Miracles and Meteorites

Stanley Jaki, in his book God and the Sun at Fatima, comments on the scientific history of meteorites:

Once the Académie des Sciences in Paris decided that eyewitness accounts about fiery streaks dashing toward the earth should not be trusted, meteorites were discarded from the collection of other scientific academies as well. No less a scientist than Lavoisier changed the written statement of an eyewitness because it countered his disbelief in meteors. Laplace shouted, “We have had enough such myths,” when his fellow academician Marc-Auguste Pictet urged, in the full hearing of the Académie des Sciences, that attention be given to the report about a huge meteor shower that fell at L’Aigle, near Paris, on April 26, 1803.

This is not untypical. Historically, the scientific community showed a similar reluctance to accept the reality of earthquake lights, rogue waves, and other phenomena.

Laplace’s concern, of course, was probably not that the idea of stones coming from the sky seemed to him absurd in itself, but that it did not seem possible to explain it by natural principles known to him. The idea of continental drift was long rejected for this reason, namely the apparent lack of a mechanism that might bring it about.

This concern is not entirely unreasonable. If scientists were to accept all eyewitness accounts as they stand, they might be forced to constantly add new principles in order to explain the most recent stories. On the other hand, it would be reasonable for them to give somewhat more attention to accounts which come up repeatedly, as happened with the accounts of the above phenomena.
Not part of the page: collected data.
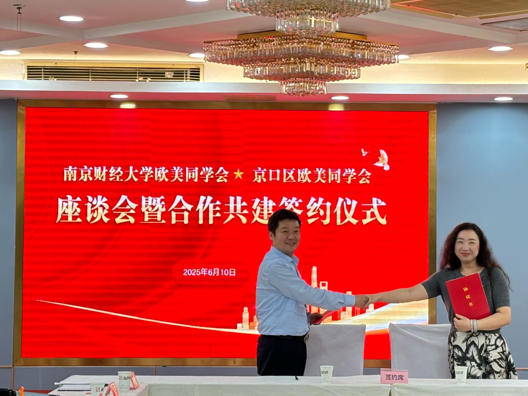 下午,我校欧美同学会与京口区欧美同学会开展座谈交流。双方围绕校地统战平台共建、新形势下欧美同学会组织建设、归国留学人员创新创业等方面展开深入交流,并签署了共建合作协议。签约仪式后,双方欧美同学会会长作表态发言,表示希望通过此次合作共建,进一步增进了解、加强合作,在人才培养、科技创新、社会服务等领域实现优势互补、资源共享,共同推进双方留学人员的事业发展。陈静部长表示,希望双方依托各自优势,共同推动产学研合作和人才交流,共筑产教融合平台,打造创新发展共同体;共育创新科技人才,激发高质量发展原动力;共创同心实践品牌,打造区域发展新引擎。李玉琴部长表示,希望加强双方统战部门的合作交流,持续提升校地统战融合矩阵效应,真正形成全方位、深层次、宽领域、高水平的合作新格局,切实把合作优势转化为推动服务地方高质量发展的实际成效。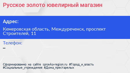Русское золото, ювелирный магазин по адресу Кемеровская область, Междуреченск, проспект Строителей, 11 в дальнейшем Организация, размещена в следующих категориях: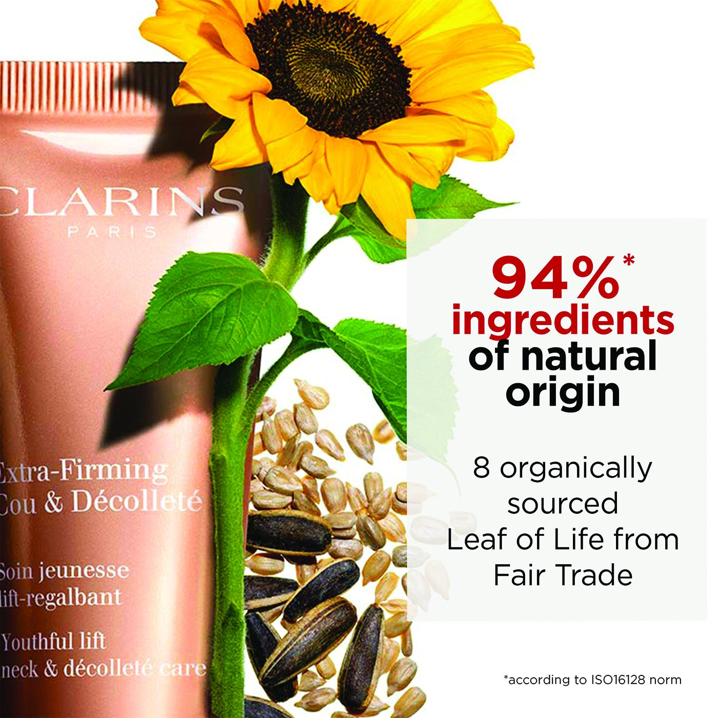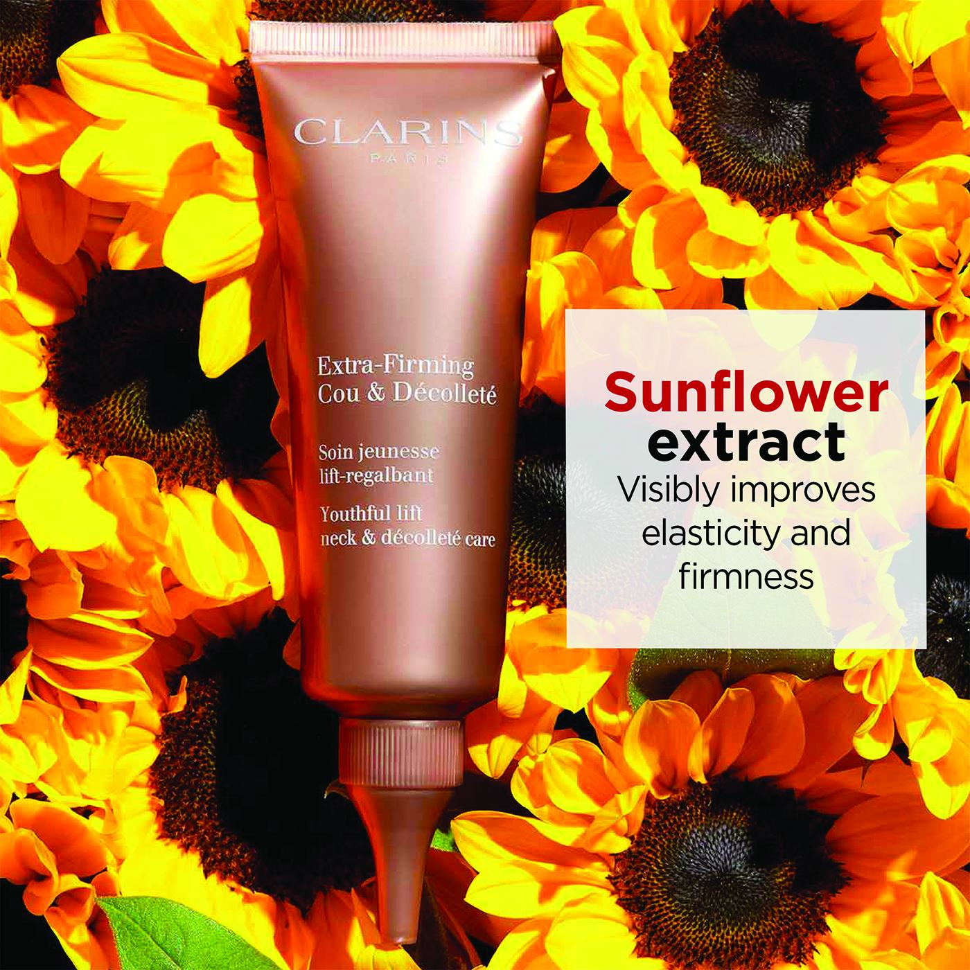 Inspired by the movement of the Sunflower's stem, Clarins Laboratories combined Sunflower extracts - unsaponifiables obtained from the seed + auxins obtained from the stem - to improve the elasticity and firmness of the flexible neck and décolleté area, boosting the skin's resistance to daily bending and rotating while protecting against harmful indoor and outdoor pollutants.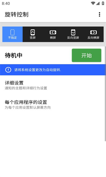 旋转控制安卓版v5.3.5是一款专为安卓手机设计的屏幕方向控制软件。它允许用户自定义屏幕的方向,无论是横屏还是竖屏,都可以轻松锁定或自动调节。这款软件以其强大的功能和便捷的操作赢得了广大用户的喜爱,成为安卓手机用户必备的屏幕控制工具之一。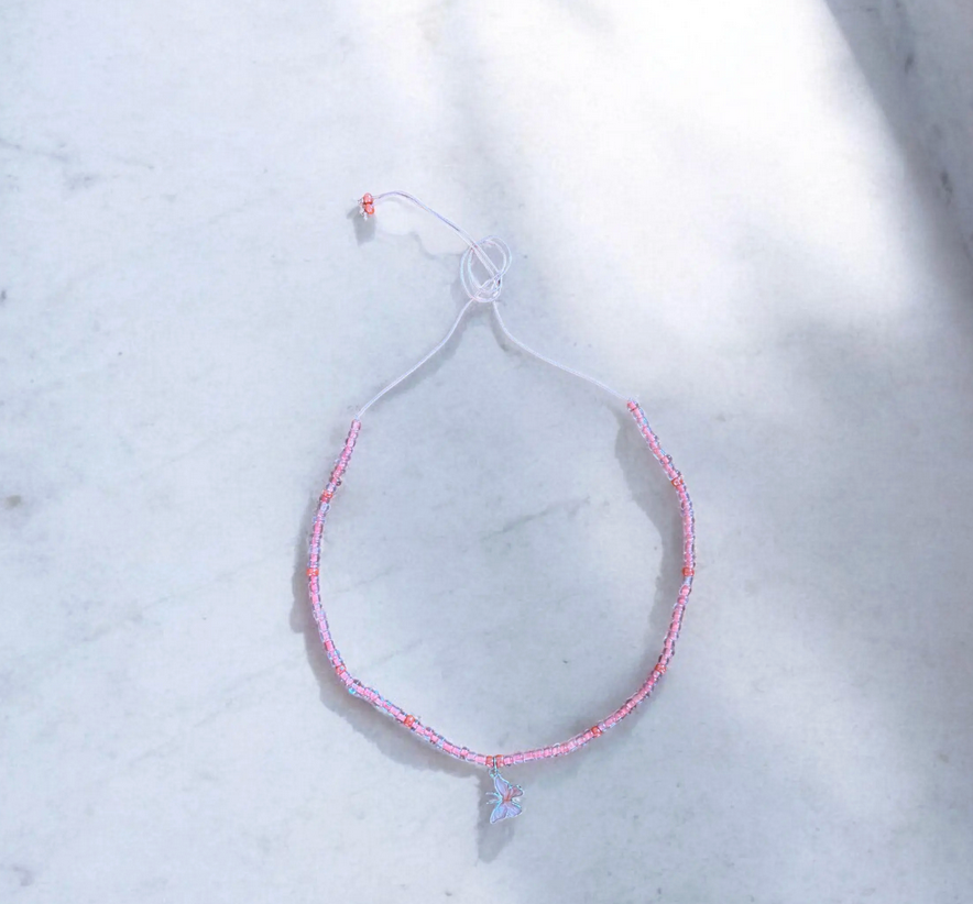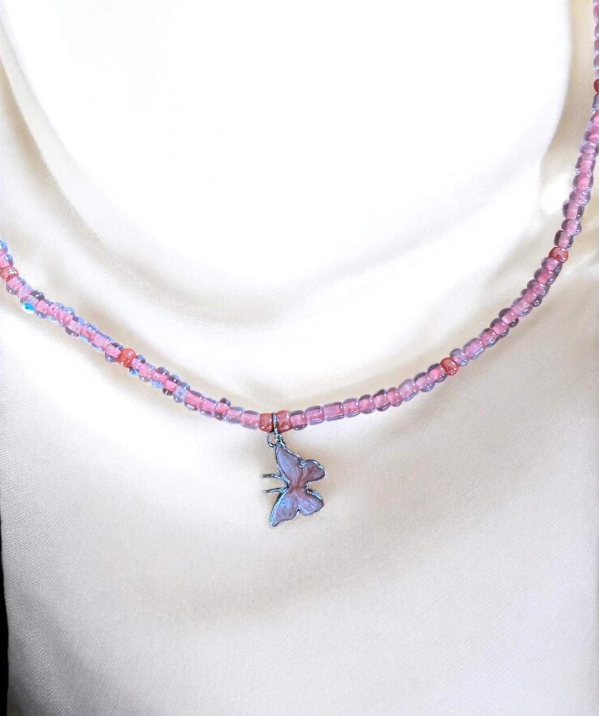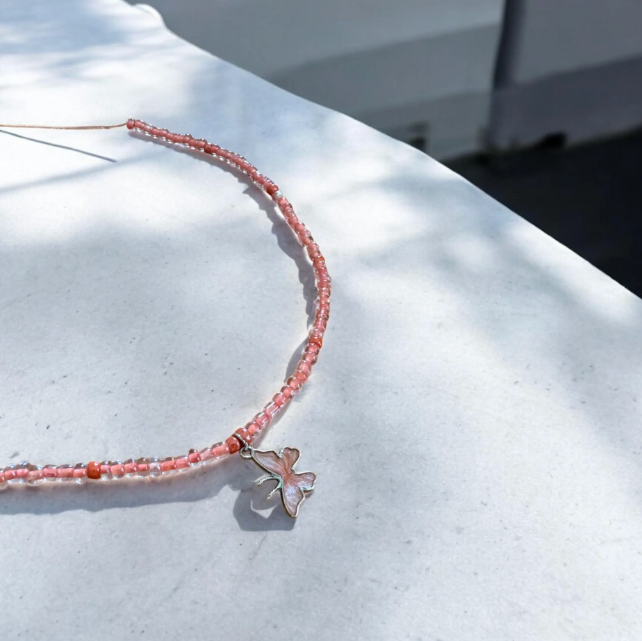 Beschreibung: Die BlushWings – Butterfly Charm Halskette ist ein zartes Statement voller Leichtigkeit. Handgereihte, rosé-transparente Perlen schmiegen sich sanft an dein Dekolleté, während ein eleganter Schmetterlingsanhänger in Perlmutt-Optik in der Sonne schimmert. Für romantische Seelen, Tagträumerinnen und alle, die den Sommer auf der Haut spüren wollen.

Accounts of miracles can in fact be treated much like such accounts. A miracle does not mean something which has never been seen in any age or country, as Hume defines it, but something which does not have natural principles. Thus, for example, if a man rises from the dead we do not (generally speaking) believe that this could have resulted from natural principles. This does not prove that it cannot happen at all, as Hume supposes, but only that if it does happen, it results from some additional principle, above and beyond the principles of nature.